TASK ITEM —
Quote the records in full and leave their pictures out.

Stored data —

******************************

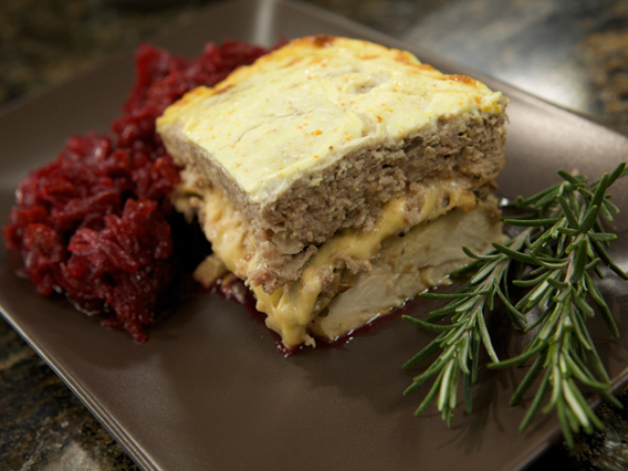 Na ser nałożyć warstwę mięsa mielonego, przygotowanego jak na sznycle (do mięsa dodać bułkę namoczoną w mleku - odciśniętą, jajko, czosnek przeciśnięty przez praskę oraz cebulę usmażoną na łyżce masła, przyprawić solą i pieprzem, wyrobić). Wyrównać, docisnąć.
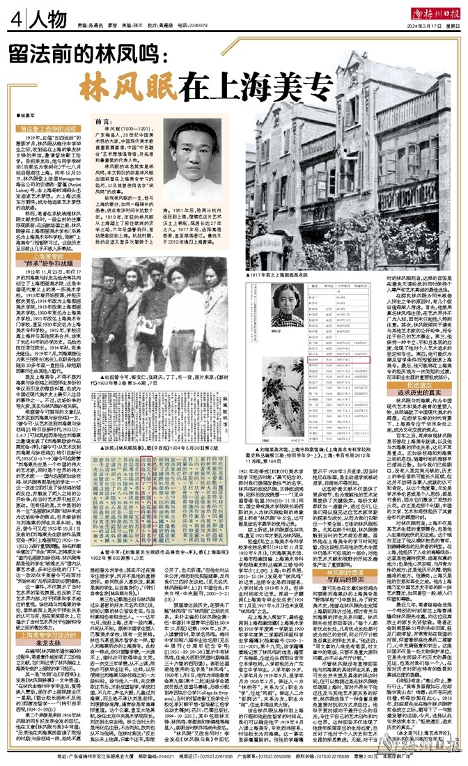 其一是“冰筠”在《平西报》上发表《林风眠轶事》一文中提道:“在林氏由梅州中学毕业后,复得族人赞助,遂往沪上画院肄业仅一星期,(据云校长画尚不及他的)即渡法留学……”(转引自平西报,1934-5-30(3).)
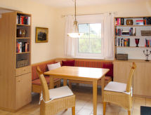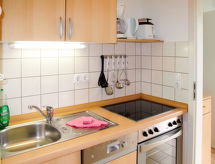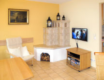 Maison jumelée 3 pièces 56 m2 sur 2 niveaux. Aménagement de style et plaisant: séjour/salle à manger avec table pour les repas, TV (satellite), radio et DVD. Sortie sur la terrasse. Petite cuisine ouverte (four, lave-vaisselle, 4 plaques vitrocéramiques, grille-pain, bouilloire électrique, four micro-ondes, cafetière électrique). Douche/WC. À l'étage supérieur: 1 chambre, mansardée avec 1 lit double. 1 chambre, mansardée avec 2 lits (80 cm, longueur 190 cm), TV (satellite). WC séparé. Chauffage électrique. Terrasse. Meubles de terrasse. A disposition: lave-linge, chaise haute pour enfant, lit bébé. Internet (Connexion WIFI, gratuit). Veuillez noter: maison non-fumeur. Maximum 1 animal/ chien autorisé. Détecteur de fumée.- Installations
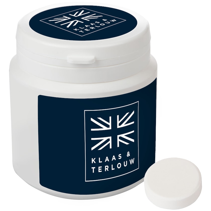 Barattolo pieno di 160 grammi di mentine. Un'etichetta con la tua stampa viene posizionata sul barattolo e sul tappo del barattolo.
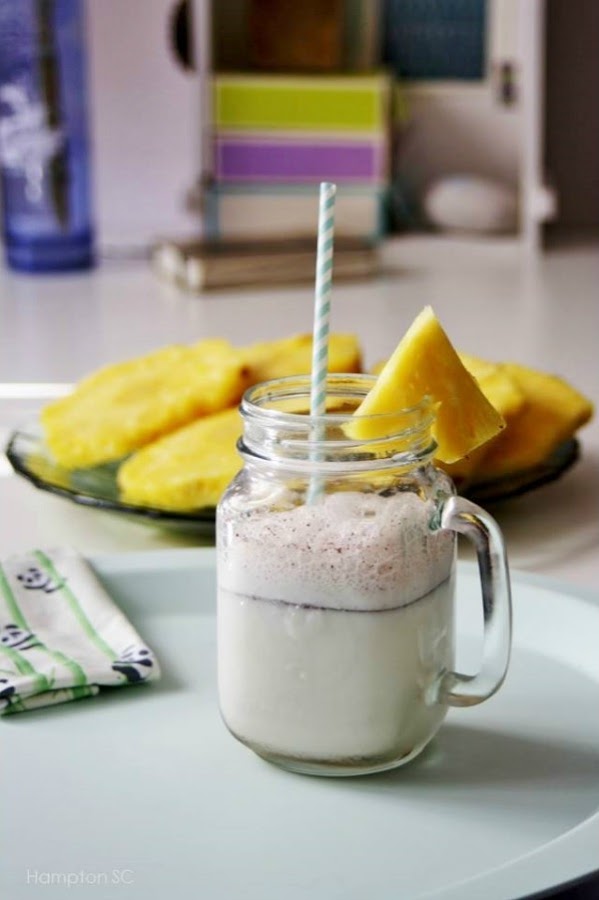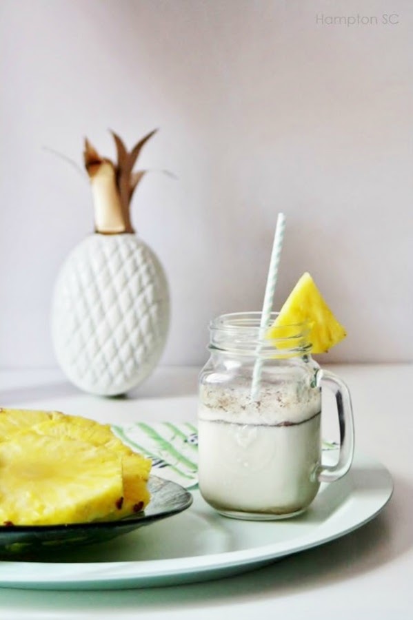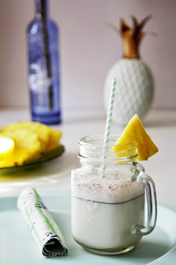 Adornamos con un trocito de piña el borde del vaso y ponemos
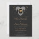Um convite de casamento virtual com uma design de dois noivos, de cada lado de um coração de ouro. (Os elementos ouro são ouro falso e não folha de ouro.)
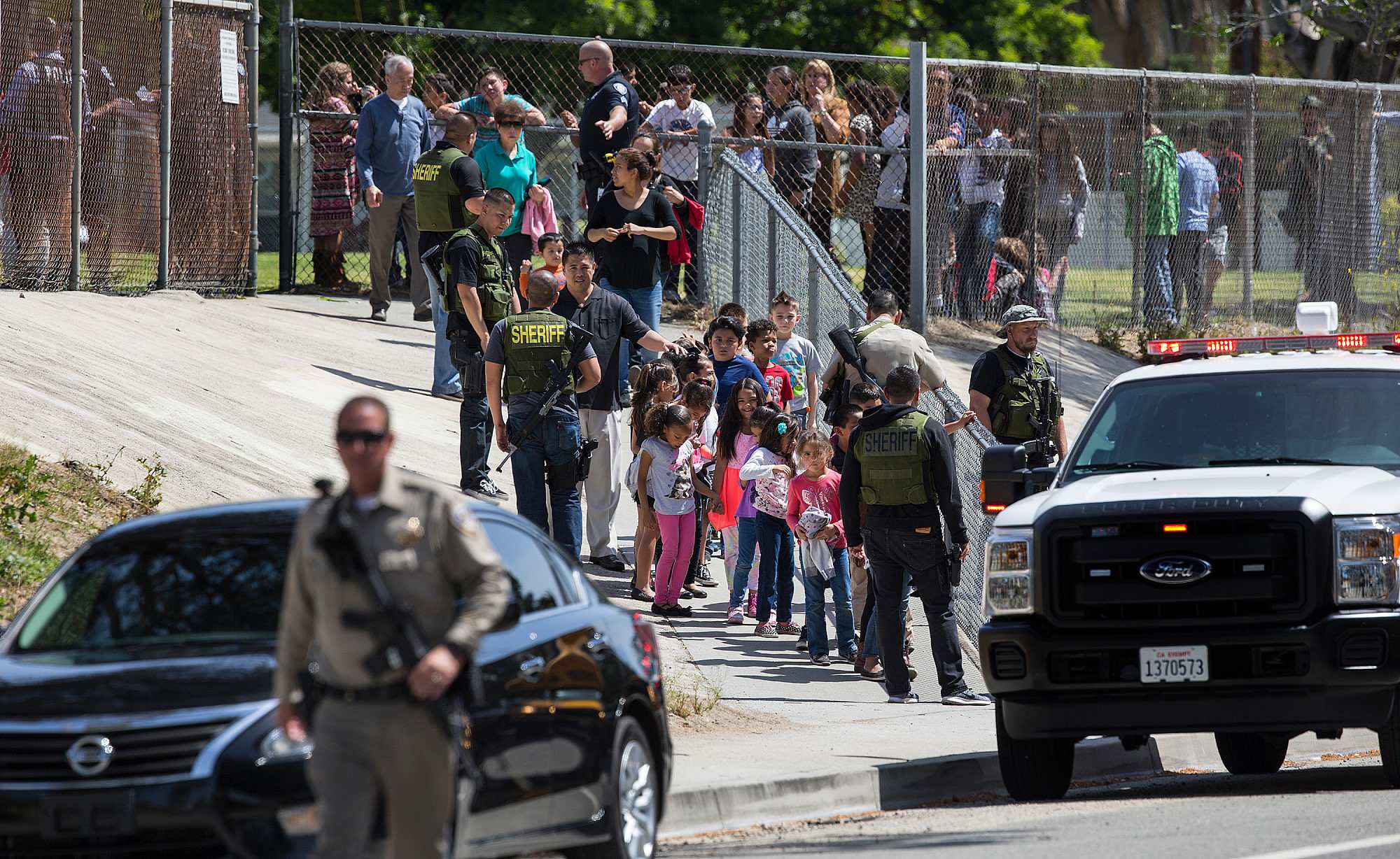 Police said the two students, both boys, were believed to have been caught in the gunfire unintentionally as bystanders to Monday's shooting, which took place about 13 kilometers from where a radicalized Muslim couple killed 14 people in a December 2015 shooting rampage.
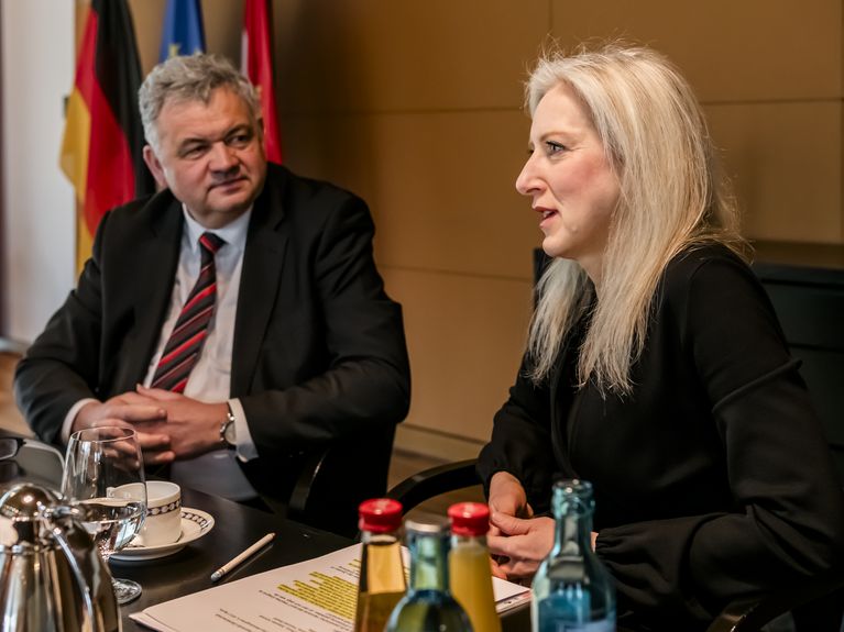 Sebastian Schmidt und Franziska Broer sprechen in der Rieslingstube der Hessischen Landesvertretung in Berlin über 30 Jahre Helmholtz-Gemeinschaft. Bild: David Marschalsky
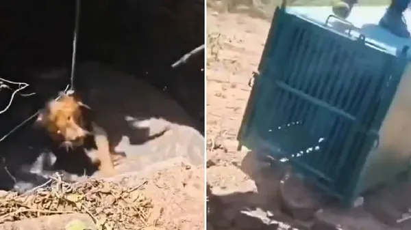 ಗುಜರಾತ್ನ ಉನಾ ತಾಲೂಕಿನ ನವಬಂದರ್ ಬಳಿ ಈ ಘಟನೆ ನಡೆದಿದೆ. ಸಿಂಹವೊಂದು ಆಕಸ್ಮಿಕವಾಗಿ ನೀರು ತುಂಬಿದ ಬಾವಿಗೆ ಬಿದ್ದಿತ್ತು. ಬಳಿಕ ಅರಣ್ಯ ಅಧಿಕಾರಿಗಳು ತ್ವರಿತ ಸಮಯ ಪ್ರಜ್ಞೆ ಮತ್ತು ಧೈರ್ಯದಿಂದ ಹಗ್ಗಗಳನ್ನು ಬಳಸಿ ಸಿಂಹವನ್ನು ರಕ್ಷಿಸಿದ್ದಾರೆ. ಸಿಂಹವನ್ನು ಪಂಜರದಲ್ಲಿ ಇರಿಸಿ ಜಸಂಧರ್ ಪ್ರಾಣಿ ರಕ್ಷಣಾ ಕೇಂದ್ರಕ್ಕೆ ಸ್ಥಳಾಂತರಿಸಲಾಯಿತು.
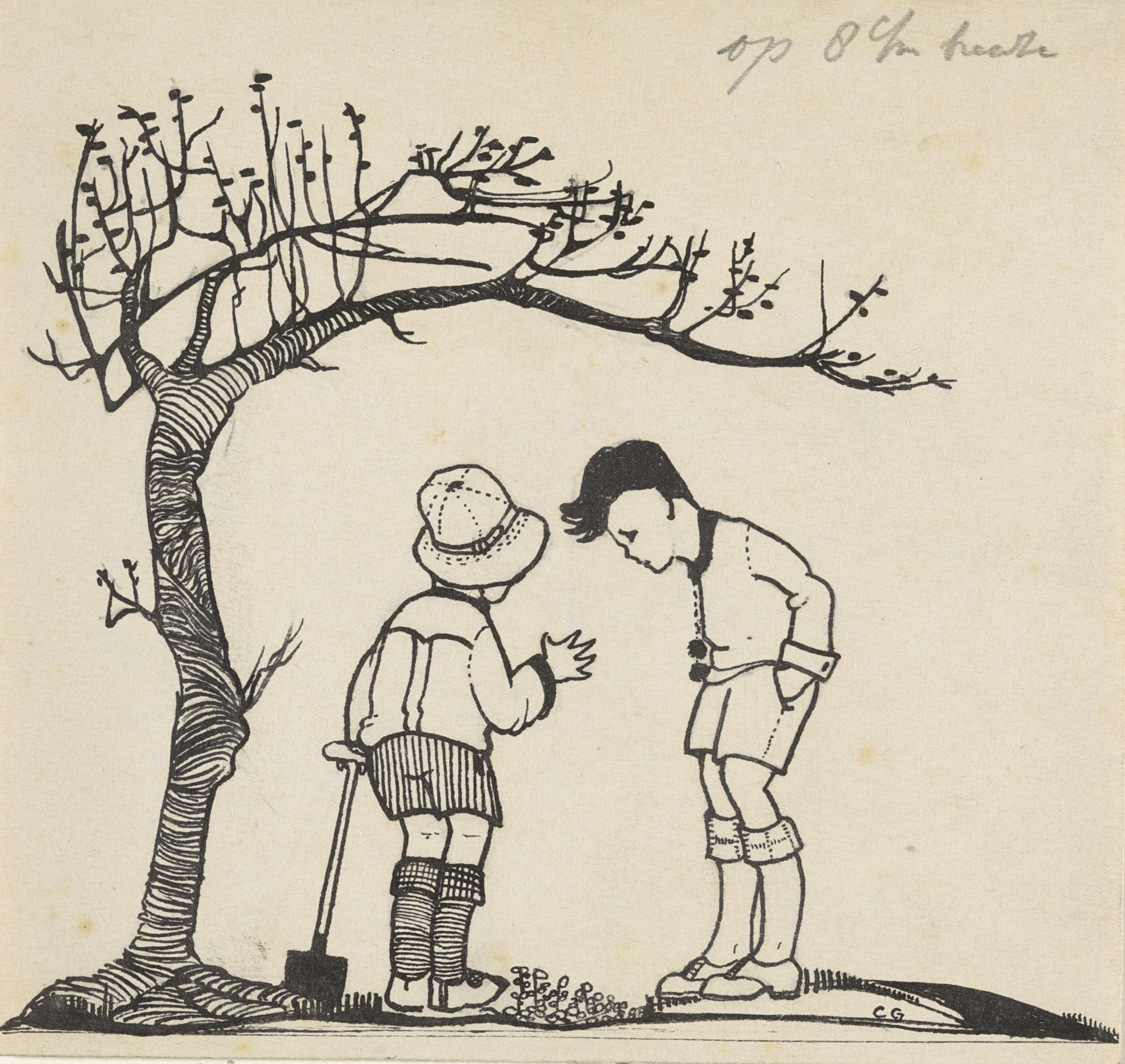 Twee jongens onder een boom
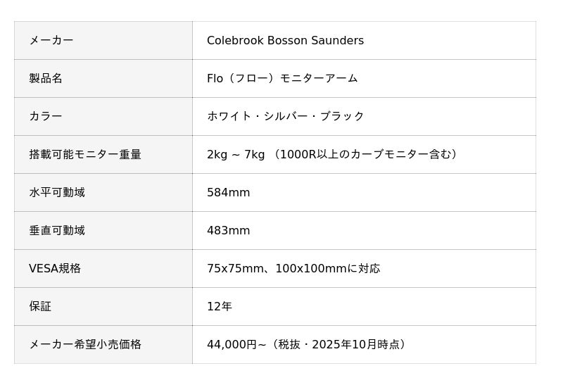 エルゴノミクスに基づいたイギリスのITアクセサリメーカーであるColebrook Bosson Saunders(以下「CBS」と称する)は、今年3月に発売を開始した「Flo(フロー)モニターアーム」において、2025年度グッドデザイン賞を受賞致しました。

******************************

RESPONSE BOX —
 Na ser nałożyć warstwę mięsa mielonego, przygotowanego jak na sznycle (do mięsa dodać bułkę namoczoną w mleku - odciśniętą, jajko, czosnek przeciśnięty przez praskę oraz cebulę usmażoną na łyżce masła, przyprawić solą i pieprzem, wyrobić). Wyrównać, docisnąć.
 其一是“冰筠”在《平西报》上发表《林风眠轶事》一文中提道:“在林氏由梅州中学毕业后,复得族人赞助,遂往沪上画院肄业仅一星期,(据云校长画尚不及他的)即渡法留学……”(转引自平西报,1934-5-30(3).)
 Maison jumelée 3 pièces 56 m2 sur 2 niveaux. Aménagement de style et plaisant: séjour/salle à manger avec table pour les repas, TV (satellite), radio et DVD. Sortie sur la terrasse. Petite cuisine ouverte (four, lave-vaisselle, 4 plaques vitrocéramiques, grille-pain, bouilloire électrique, four micro-ondes, cafetière électrique). Douche/WC. À l'étage supérieur: 1 chambre, mansardée avec 1 lit double. 1 chambre, mansardée avec 2 lits (80 cm, longueur 190 cm), TV (satellite). WC séparé. Chauffage électrique. Terrasse. Meubles de terrasse. A disposition: lave-linge, chaise haute pour enfant, lit bébé. Internet (Connexion WIFI, gratuit). Veuillez noter: maison non-fumeur. Maximum 1 animal/ chien autorisé. Détecteur de fumée.- Installations
 Barattolo pieno di 160 grammi di mentine. Un'etichetta con la tua stampa viene posizionata sul barattolo e sul tappo del barattolo.
 Adornamos con un trocito de piña el borde del vaso y ponemos
Um convite de casamento virtual com uma design de dois noivos, de cada lado de um coração de ouro. (Os elementos ouro são ouro falso e não folha de ouro.)
 Police said the two students, both boys, were believed to have been caught in the gunfire unintentionally as bystanders to Monday's shooting, which took place about 13 kilometers from where a radicalized Muslim couple killed 14 people in a December 2015 shooting rampage.
 Sebastian Schmidt und Franziska Broer sprechen in der Rieslingstube der Hessischen Landesvertretung in Berlin über 30 Jahre Helmholtz-Gemeinschaft. Bild: David Marschalsky
 ಗುಜರಾತ್ನ ಉನಾ ತಾಲೂಕಿನ ನವಬಂದರ್ ಬಳಿ ಈ ಘಟನೆ ನಡೆದಿದೆ. ಸಿಂಹವೊಂದು ಆಕಸ್ಮಿಕವಾಗಿ ನೀರು ತುಂಬಿದ ಬಾವಿಗೆ ಬಿದ್ದಿತ್ತು. ಬಳಿಕ ಅರಣ್ಯ ಅಧಿಕಾರಿಗಳು ತ್ವರಿತ ಸಮಯ ಪ್ರಜ್ಞೆ ಮತ್ತು ಧೈರ್ಯದಿಂದ ಹಗ್ಗಗಳನ್ನು ಬಳಸಿ ಸಿಂಹವನ್ನು ರಕ್ಷಿಸಿದ್ದಾರೆ. ಸಿಂಹವನ್ನು ಪಂಜರದಲ್ಲಿ ಇರಿಸಿ ಜಸಂಧರ್ ಪ್ರಾಣಿ ರಕ್ಷಣಾ ಕೇಂದ್ರಕ್ಕೆ ಸ್ಥಳಾಂತರಿಸಲಾಯಿತು.
 Twee jongens onder een boom
 エルゴノミクスに基づいたイギリスのITアクセサリメーカーであるColebrook Bosson Saunders(以下「CBS」と称する)は、今年3月に発売を開始した「Flo(フロー)モニターアーム」において、2025年度グッドデザイン賞を受賞致しました。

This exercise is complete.